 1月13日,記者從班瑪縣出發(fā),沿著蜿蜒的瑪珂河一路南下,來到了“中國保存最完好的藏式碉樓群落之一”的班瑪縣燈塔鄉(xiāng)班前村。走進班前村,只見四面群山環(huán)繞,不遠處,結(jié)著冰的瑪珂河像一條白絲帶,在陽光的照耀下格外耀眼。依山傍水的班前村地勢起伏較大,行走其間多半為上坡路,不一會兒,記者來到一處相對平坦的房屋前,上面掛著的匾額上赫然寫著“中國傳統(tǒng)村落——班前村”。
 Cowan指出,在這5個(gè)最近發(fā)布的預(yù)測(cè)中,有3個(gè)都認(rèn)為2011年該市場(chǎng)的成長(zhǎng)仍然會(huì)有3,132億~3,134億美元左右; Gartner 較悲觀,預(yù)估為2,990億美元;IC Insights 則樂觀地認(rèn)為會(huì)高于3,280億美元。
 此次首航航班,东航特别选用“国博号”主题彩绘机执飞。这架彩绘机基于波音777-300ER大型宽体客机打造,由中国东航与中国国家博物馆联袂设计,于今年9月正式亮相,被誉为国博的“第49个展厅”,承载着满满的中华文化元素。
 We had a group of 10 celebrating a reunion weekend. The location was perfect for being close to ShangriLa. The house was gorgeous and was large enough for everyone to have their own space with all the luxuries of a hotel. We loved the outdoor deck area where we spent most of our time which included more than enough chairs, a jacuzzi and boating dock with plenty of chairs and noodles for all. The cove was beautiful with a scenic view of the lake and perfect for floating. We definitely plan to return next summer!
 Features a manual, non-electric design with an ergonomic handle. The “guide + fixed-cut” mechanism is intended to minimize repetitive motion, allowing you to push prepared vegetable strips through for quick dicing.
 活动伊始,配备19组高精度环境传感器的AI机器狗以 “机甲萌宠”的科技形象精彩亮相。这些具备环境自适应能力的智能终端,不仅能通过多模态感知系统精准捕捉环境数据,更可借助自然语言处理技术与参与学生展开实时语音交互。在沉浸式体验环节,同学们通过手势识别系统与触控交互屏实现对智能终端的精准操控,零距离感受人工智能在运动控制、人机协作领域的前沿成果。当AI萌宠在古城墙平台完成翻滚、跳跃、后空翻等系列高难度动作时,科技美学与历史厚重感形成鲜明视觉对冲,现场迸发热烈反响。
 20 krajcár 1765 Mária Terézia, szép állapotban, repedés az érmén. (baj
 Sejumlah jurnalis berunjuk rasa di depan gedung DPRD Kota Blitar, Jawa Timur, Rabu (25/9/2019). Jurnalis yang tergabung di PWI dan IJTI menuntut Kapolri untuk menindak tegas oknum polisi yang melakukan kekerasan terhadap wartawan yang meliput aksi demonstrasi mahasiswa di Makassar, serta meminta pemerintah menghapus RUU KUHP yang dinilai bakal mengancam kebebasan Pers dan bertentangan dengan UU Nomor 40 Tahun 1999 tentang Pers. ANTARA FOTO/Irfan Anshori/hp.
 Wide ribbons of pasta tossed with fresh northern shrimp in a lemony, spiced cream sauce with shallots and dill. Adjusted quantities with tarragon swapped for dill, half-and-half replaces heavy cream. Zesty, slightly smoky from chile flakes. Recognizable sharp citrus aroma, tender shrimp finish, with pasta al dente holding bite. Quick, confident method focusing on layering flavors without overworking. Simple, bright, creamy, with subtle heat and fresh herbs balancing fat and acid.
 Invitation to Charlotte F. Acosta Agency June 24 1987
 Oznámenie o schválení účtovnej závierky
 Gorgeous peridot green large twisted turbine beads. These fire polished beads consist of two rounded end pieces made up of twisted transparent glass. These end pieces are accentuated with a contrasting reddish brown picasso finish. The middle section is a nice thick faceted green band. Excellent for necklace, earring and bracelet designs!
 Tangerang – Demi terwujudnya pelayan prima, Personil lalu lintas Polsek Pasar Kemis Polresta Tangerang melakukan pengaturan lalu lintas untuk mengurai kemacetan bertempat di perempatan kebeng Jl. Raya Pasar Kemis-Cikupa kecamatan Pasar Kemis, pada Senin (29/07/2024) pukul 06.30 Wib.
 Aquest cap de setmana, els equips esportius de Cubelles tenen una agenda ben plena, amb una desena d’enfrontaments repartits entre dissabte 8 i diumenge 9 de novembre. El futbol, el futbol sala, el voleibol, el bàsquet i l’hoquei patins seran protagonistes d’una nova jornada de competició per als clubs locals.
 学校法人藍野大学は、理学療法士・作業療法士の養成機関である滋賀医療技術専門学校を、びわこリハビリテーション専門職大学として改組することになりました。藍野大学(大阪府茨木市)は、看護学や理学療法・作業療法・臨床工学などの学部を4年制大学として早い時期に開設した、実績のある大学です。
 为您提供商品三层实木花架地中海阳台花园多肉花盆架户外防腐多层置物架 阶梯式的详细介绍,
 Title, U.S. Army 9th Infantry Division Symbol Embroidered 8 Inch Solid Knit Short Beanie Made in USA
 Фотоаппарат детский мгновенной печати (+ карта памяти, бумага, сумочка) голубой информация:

+ + +

_What you will do_: Retype the records exactly.

_Result of the task_:
 1月13日,記者從班瑪縣出發(fā),沿著蜿蜒的瑪珂河一路南下,來到了“中國保存最完好的藏式碉樓群落之一”的班瑪縣燈塔鄉(xiāng)班前村。走進班前村,只見四面群山環(huán)繞,不遠處,結(jié)著冰的瑪珂河像一條白絲帶,在陽光的照耀下格外耀眼。依山傍水的班前村地勢起伏較大,行走其間多半為上坡路,不一會兒,記者來到一處相對平坦的房屋前,上面掛著的匾額上赫然寫著“中國傳統(tǒng)村落——班前村”。
 Cowan指出,在這5個(gè)最近發(fā)布的預(yù)測(cè)中,有3個(gè)都認(rèn)為2011年該市場(chǎng)的成長(zhǎng)仍然會(huì)有3,132億~3,134億美元左右; Gartner 較悲觀,預(yù)估為2,990億美元;IC Insights 則樂觀地認(rèn)為會(huì)高于3,280億美元。
 此次首航航班,东航特别选用“国博号”主题彩绘机执飞。这架彩绘机基于波音777-300ER大型宽体客机打造,由中国东航与中国国家博物馆联袂设计,于今年9月正式亮相,被誉为国博的“第49个展厅”,承载着满满的中华文化元素。
 We had a group of 10 celebrating a reunion weekend. The location was perfect for being close to ShangriLa. The house was gorgeous and was large enough for everyone to have their own space with all the luxuries of a hotel. We loved the outdoor deck area where we spent most of our time which included more than enough chairs, a jacuzzi and boating dock with plenty of chairs and noodles for all. The cove was beautiful with a scenic view of the lake and perfect for floating. We definitely plan to return next summer!
 Features a manual, non-electric design with an ergonomic handle. The “guide + fixed-cut” mechanism is intended to minimize repetitive motion, allowing you to push prepared vegetable strips through for quick dicing.
 活动伊始,配备19组高精度环境传感器的AI机器狗以 “机甲萌宠”的科技形象精彩亮相。这些具备环境自适应能力的智能终端,不仅能通过多模态感知系统精准捕捉环境数据,更可借助自然语言处理技术与参与学生展开实时语音交互。在沉浸式体验环节,同学们通过手势识别系统与触控交互屏实现对智能终端的精准操控,零距离感受人工智能在运动控制、人机协作领域的前沿成果。当AI萌宠在古城墙平台完成翻滚、跳跃、后空翻等系列高难度动作时,科技美学与历史厚重感形成鲜明视觉对冲,现场迸发热烈反响。
 20 krajcár 1765 Mária Terézia, szép állapotban, repedés az érmén. (baj
 Sejumlah jurnalis berunjuk rasa di depan gedung DPRD Kota Blitar, Jawa Timur, Rabu (25/9/2019). Jurnalis yang tergabung di PWI dan IJTI menuntut Kapolri untuk menindak tegas oknum polisi yang melakukan kekerasan terhadap wartawan yang meliput aksi demonstrasi mahasiswa di Makassar, serta meminta pemerintah menghapus RUU KUHP yang dinilai bakal mengancam kebebasan Pers dan bertentangan dengan UU Nomor 40 Tahun 1999 tentang Pers. ANTARA FOTO/Irfan Anshori/hp.
 Wide ribbons of pasta tossed with fresh northern shrimp in a lemony, spiced cream sauce with shallots and dill. Adjusted quantities with tarragon swapped for dill, half-and-half replaces heavy cream. Zesty, slightly smoky from chile flakes. Recognizable sharp citrus aroma, tender shrimp finish, with pasta al dente holding bite. Quick, confident method focusing on layering flavors without overworking. Simple, bright, creamy, with subtle heat and fresh herbs balancing fat and acid.
 Invitation to Charlotte F. Acosta Agency June 24 1987
 Oznámenie o schválení účtovnej závierky
 Gorgeous peridot green large twisted turbine beads. These fire polished beads consist of two rounded end pieces made up of twisted transparent glass. These end pieces are accentuated with a contrasting reddish brown picasso finish. The middle section is a nice thick faceted green band. Excellent for necklace, earring and bracelet designs!
 Tangerang – Demi terwujudnya pelayan prima, Personil lalu lintas Polsek Pasar Kemis Polresta Tangerang melakukan pengaturan lalu lintas untuk mengurai kemacetan bertempat di perempatan kebeng Jl. Raya Pasar Kemis-Cikupa kecamatan Pasar Kemis, pada Senin (29/07/2024) pukul 06.30 Wib.
 Aquest cap de setmana, els equips esportius de Cubelles tenen una agenda ben plena, amb una desena d’enfrontaments repartits entre dissabte 8 i diumenge 9 de novembre. El futbol, el futbol sala, el voleibol, el bàsquet i l’hoquei patins seran protagonistes d’una nova jornada de competició per als clubs locals.
 学校法人藍野大学は、理学療法士・作業療法士の養成機関である滋賀医療技術専門学校を、びわこリハビリテーション専門職大学として改組することになりました。藍野大学(大阪府茨木市)は、看護学や理学療法・作業療法・臨床工学などの学部を4年制大学として早い時期に開設した、実績のある大学です。
 为您提供商品三层实木花架地中海阳台花园多肉花盆架户外防腐多层置物架 阶梯式的详细介绍,
 Title, U.S. Army 9th Infantry Division Symbol Embroidered 8 Inch Solid Knit Short Beanie Made in USA
 Фотоаппарат детский мгновенной печати (+ карта памяти, бумага, сумочка) голубой информация:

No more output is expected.